Mammary stem cells (MaSCs), from which all the mammary epithelial cells originate, are ER-negative and give rise to progenitor cells2. Besides its roles in HR and many other processes, BRCA1 is required for the differentiation of progenitor cells to mature ER-positive luminal cells, whereas BRCA2 is not3. Consequently, luminal progenitor cells may accumulate in BRCA1-mutation carriers when the wild-type allele is lost, as they are unable to differentiate4. Having a defective HR pathway and the ability to self-renew, these cells are candidates to develop into undifferentiated ER-negative breast cancer5. Thus, because a lack of BRCA1 prevents cell differentiation, it can be assumed that most of the breast tumours that develop in BRCA1-mutation carriers originate from the same cell lineage, making BRCA1-associated cancer a homogeneous tumour group. Conversely, BRCA2-associated breast cancer is a heterogeneous group, showing the same diversity in molecular subtypes as sporadic breast cancer, with similar pathological and molecular characteristics6,7; this suggests that its origin is derived from different cell lineages. The average age at which BRCA2-mutation carriers are diagnosed with breast cancer is later than BRCA1 carriers; additionally, the risk of BRCA2-mutation carriers developing breast cancer is significantly lower. This supports the idea that BRCA1-deficient cells have an early advantage in becoming a tumour cell compared with BRCA2-deficient cells; that is, they have the ability to self-renew.

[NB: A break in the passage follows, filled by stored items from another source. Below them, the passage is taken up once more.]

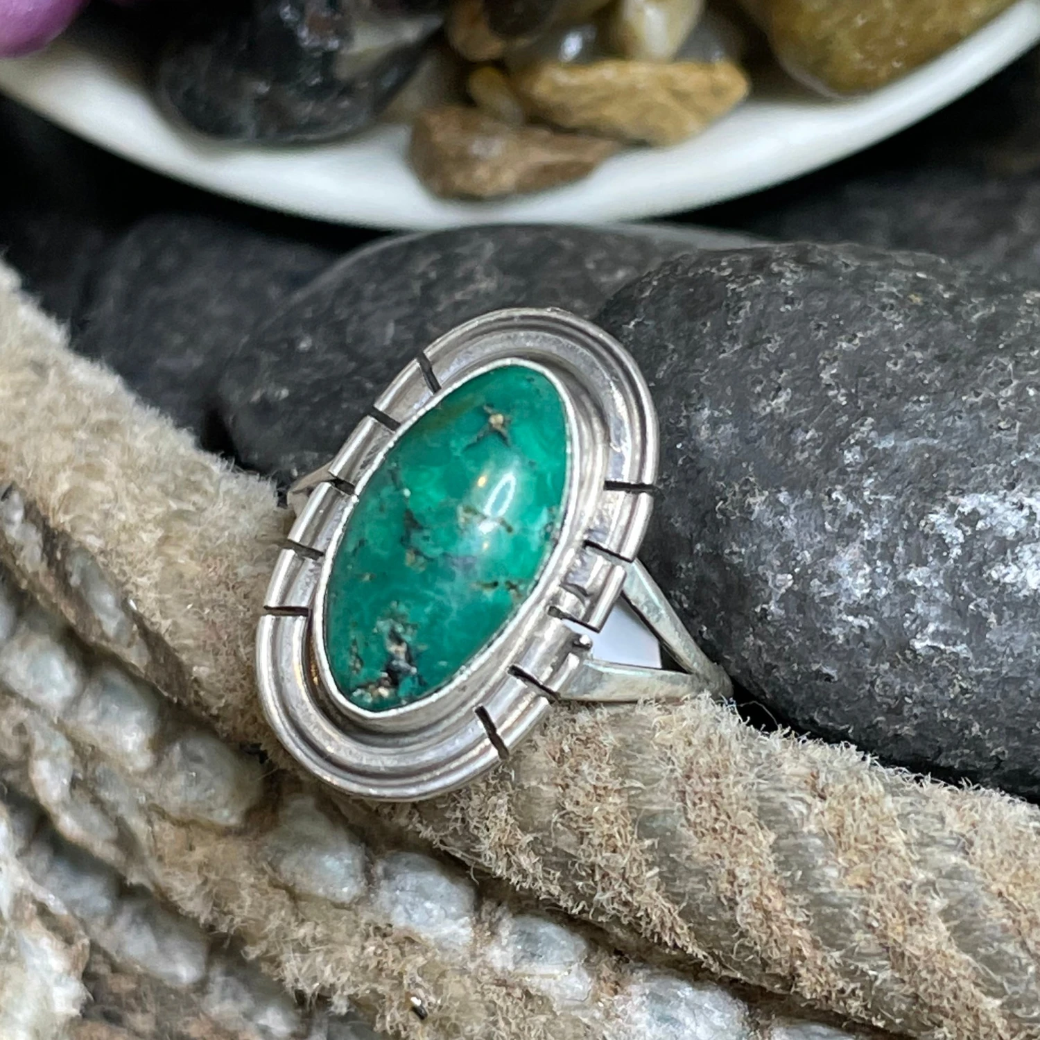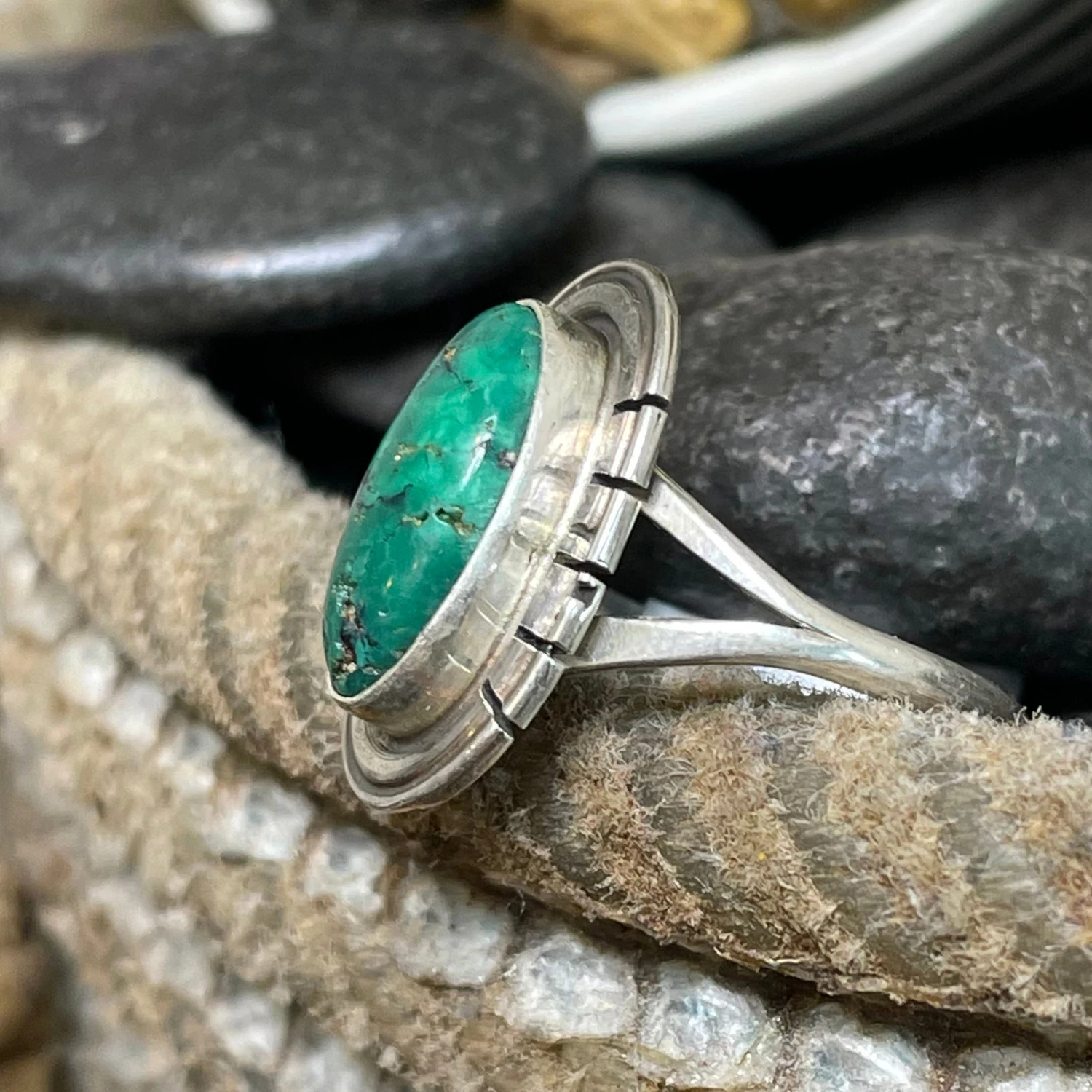 This sweet Kingman green turquoise ring is simple perfection. We just love the vibrant green color in this stone.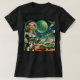 Vintage-futuristic, science fiction illustration of a beautiful female astronaut holding a vintage-style ray gun while shooting out green lasers at the Mother Ship.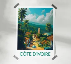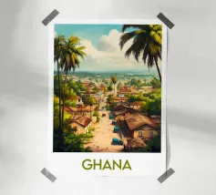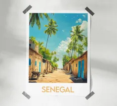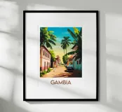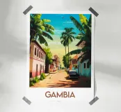 Een zonnige illustratie van een typisch Gambiaanse straat, omzoomd met palmbomen, kleurrijke huizen en een oldtimer. Een authentiek, levendig tafereel voor een wanddecoratie met Afrikaanse accenten.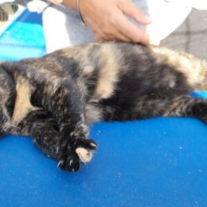 Tap è una gattina reduce da una forma di gastroenterite che le ha causato dei danni al cervelletto causandole scompensi di equilibrio. L’unica di un’intera cucciolata che ancora aspetta il suo momento, una casa tutta sua. Ha circa 4 mesi ed è molto affettuosa. I suoi problemi motori non influiscono sul suo carattere gioviale e sulla sua spiccata curiosità. Con il passare degli anni imparerà sempre meglio a conviverci ma la piccola continuerà ad essere un pò ballerina. Tap ha urgentemente bisogno di una famiglia tutta sua per poter finalmente lasciarsi alle spalle un trascorso infelice. La piccola naturalmente può essere adottata, può vivere una vita normale e non infettare altri gatti.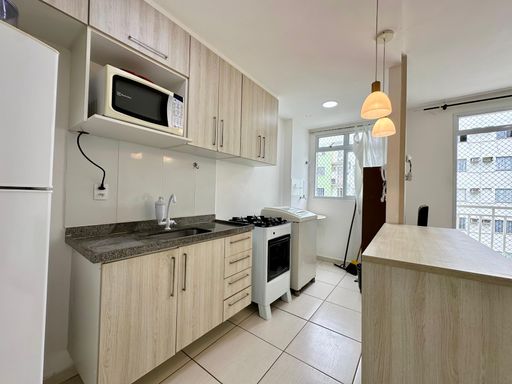 O apartamento é bem arejado e iluminado. Possui integração entre sala de TV, copa e cozinha, além de 02 quartos, 01 banheiro social, área de serviço e uma sacada com vista panorâmica para o Rio Doce.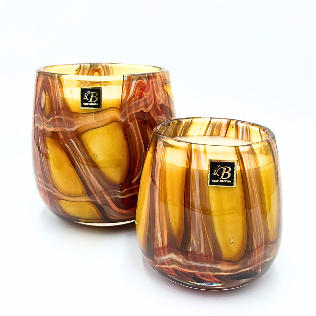 Coulée dans un verre soufflé artisanal aux reflets ambrés, la bougie Sahara est une véritable pièce de décoration. Chaque contenant est unique, marbré de caramel, orange brûlé, brun chaud et doré, évoquant la lumière et la chaleur minérale des paysages désertiques.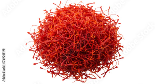 © MdRaich, Naklejka premium Illustration of a pile of dried red saffron threads isolated on transparent background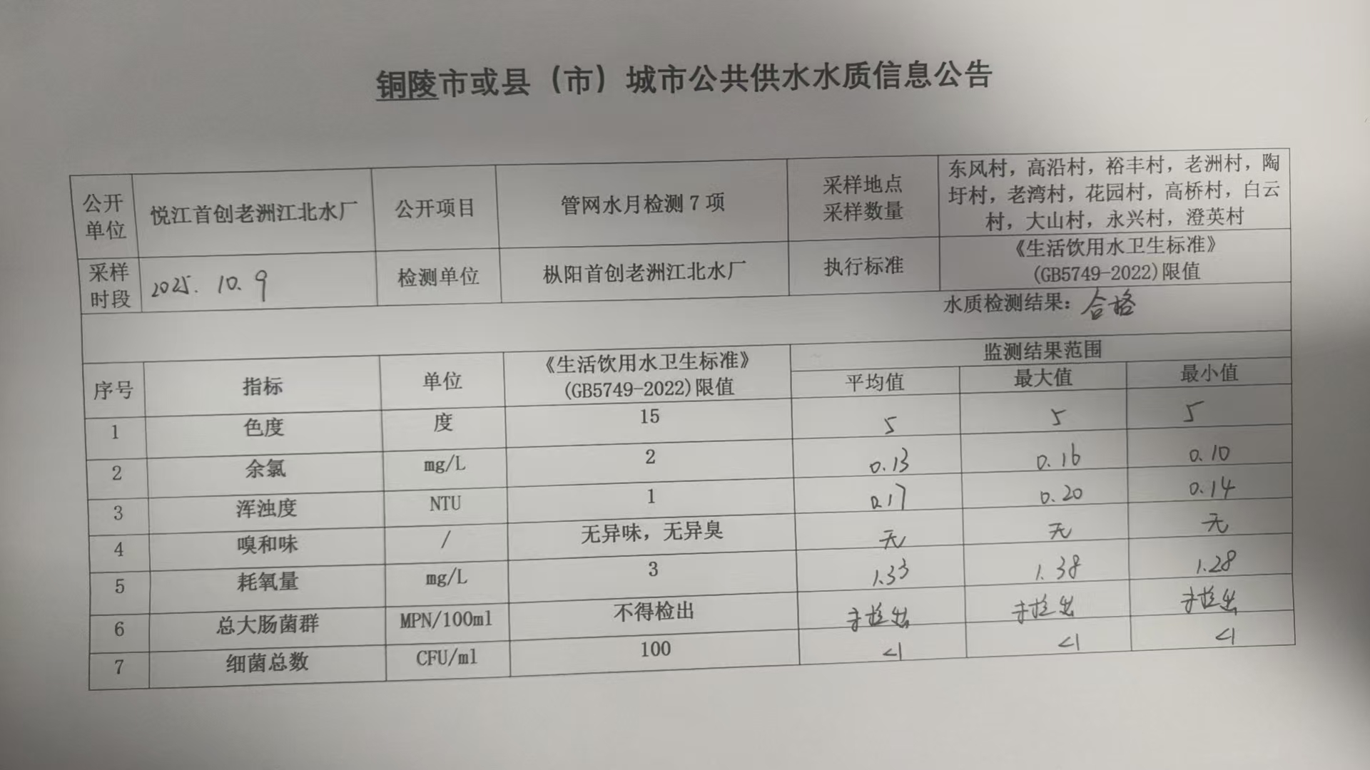 老洲水厂2025.10.9管网水

Remarkable similarities between sporadic and hereditary BRCA1-deficient breast cancer indicate that BRCA1 also has an early role in sporadic tumorigenesis8. However, it is likely that the loss of BRCA1 expression can occur at any stage of tumour development and in any molecular breast cancer subtype. To test the second explanation of Roy and colleagues — whether BRCA1 influences the transcriptional activity of ER — I reanalysed 51 ER-positive luminal breast tumours from an earlier study8. A small group (seven of 51) showed a typical BRCA1-like array-comparative genomic hybridization (aCGH) profile (as described elsewhere9), of which most (six of seven) showed clear BRCA1 mRNA downregulation, as determined by quantitative PCR. Although further research is required, these results suggest that ER expression is not affected by the absence of BRCA1.

Because of the wide range of differences found between BRCA2- and BRCA1-associated breast tumours, factors other than HR deficiency alone must have important roles in the development of hereditary breast cancer. Of these, the cell of origin might be the most influential factor on the characteristics of a tumour.